The introduction of sugar cane and its refining process was also crucial to certain foods. Sweetened, spiced or herbed fruit drinks known in Arabic as sharbat (pronounced shar-BAAT) were made into the pinnacle of luxury at the Andalusian courts by adding to them ice carried from the mountain snows. Many a traveler would never forget them. Some sweet drinks had medicinal qualities and were used in concentrated form as the sweetened syrups that made bitter medicine go down, such as cough syrups.
Sugar is also a preservative, and summer fruits could be kept in an even more delicious form when dried, like figs or dates, or candied like oranges, cherries, or ginger slices. Boiling in sugar syrup made fruit preserves such as jams and jellies which could be kept for months.
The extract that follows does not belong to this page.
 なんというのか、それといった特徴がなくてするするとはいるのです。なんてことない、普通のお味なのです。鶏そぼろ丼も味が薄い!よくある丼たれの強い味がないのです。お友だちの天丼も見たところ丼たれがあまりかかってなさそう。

Candied pumpkin turned ordinary squash into an Andalusian treat, for example, or quince jam made an inedible but healthful fruit delicious.
It is very likely that scholars who came to Toledo to feast on the libraries of scientific works in the 11th century also feasted their sweet-tooth on the famous confection of that city: marzipan. Just as the scientific literature crossed the Pyrenees, so did that candy (Arabic= qandi) made of almonds and sugar. Something like it may have originated in Central Asia, but marzipan became an art form in Al-Andalus.
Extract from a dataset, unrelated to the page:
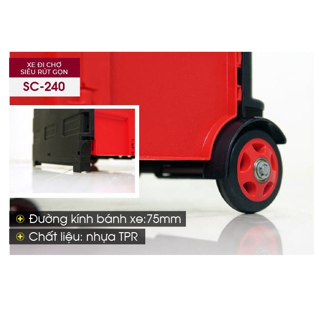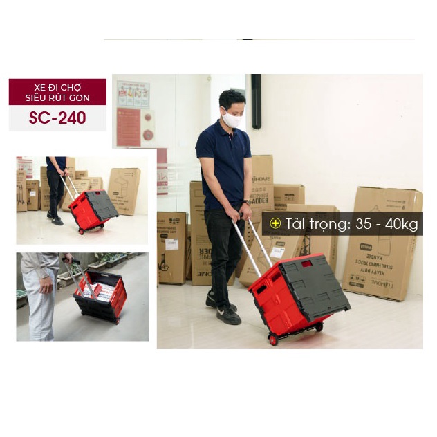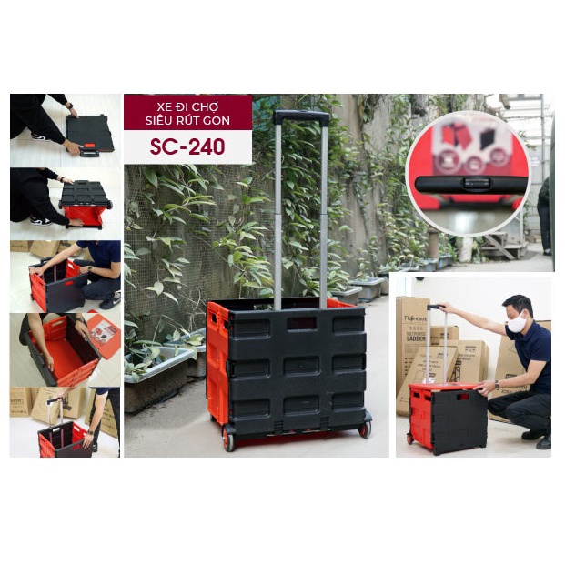 Nhà cửa & Đời sống > Dụng cụ & Thiết bị tiện ích > Xe đẩy || [Mã BMBAU50 giảm 50K đơn 150K] Xe kéo hàng đi chợ rút gọn Fujihome SC-240 - Tải trọng 40Kg - Bảo hành chính hãng 12TCòn hàng

It was made possible by the Arab introduction of sugar to the Iberian Peninsula, combined with almond trees so plentiful that the Andalusian hills looked as if they were covered in snow when they bloomed. As early as 700 CE, Arab writers mention marzipan, and by the 11th century in Toledo, it had become a Christmas custom among the Spanish Christians. It then spread into northern Europe, where it is still a traditional holiday treat.
Many more dishes and types of food might be mentioned, and with the flow of people today between North Africa and Europe, the earlier conquest by cookstove is being repeated in the 21st century, restoring some of the cuisine of Al-Andalus to Spain.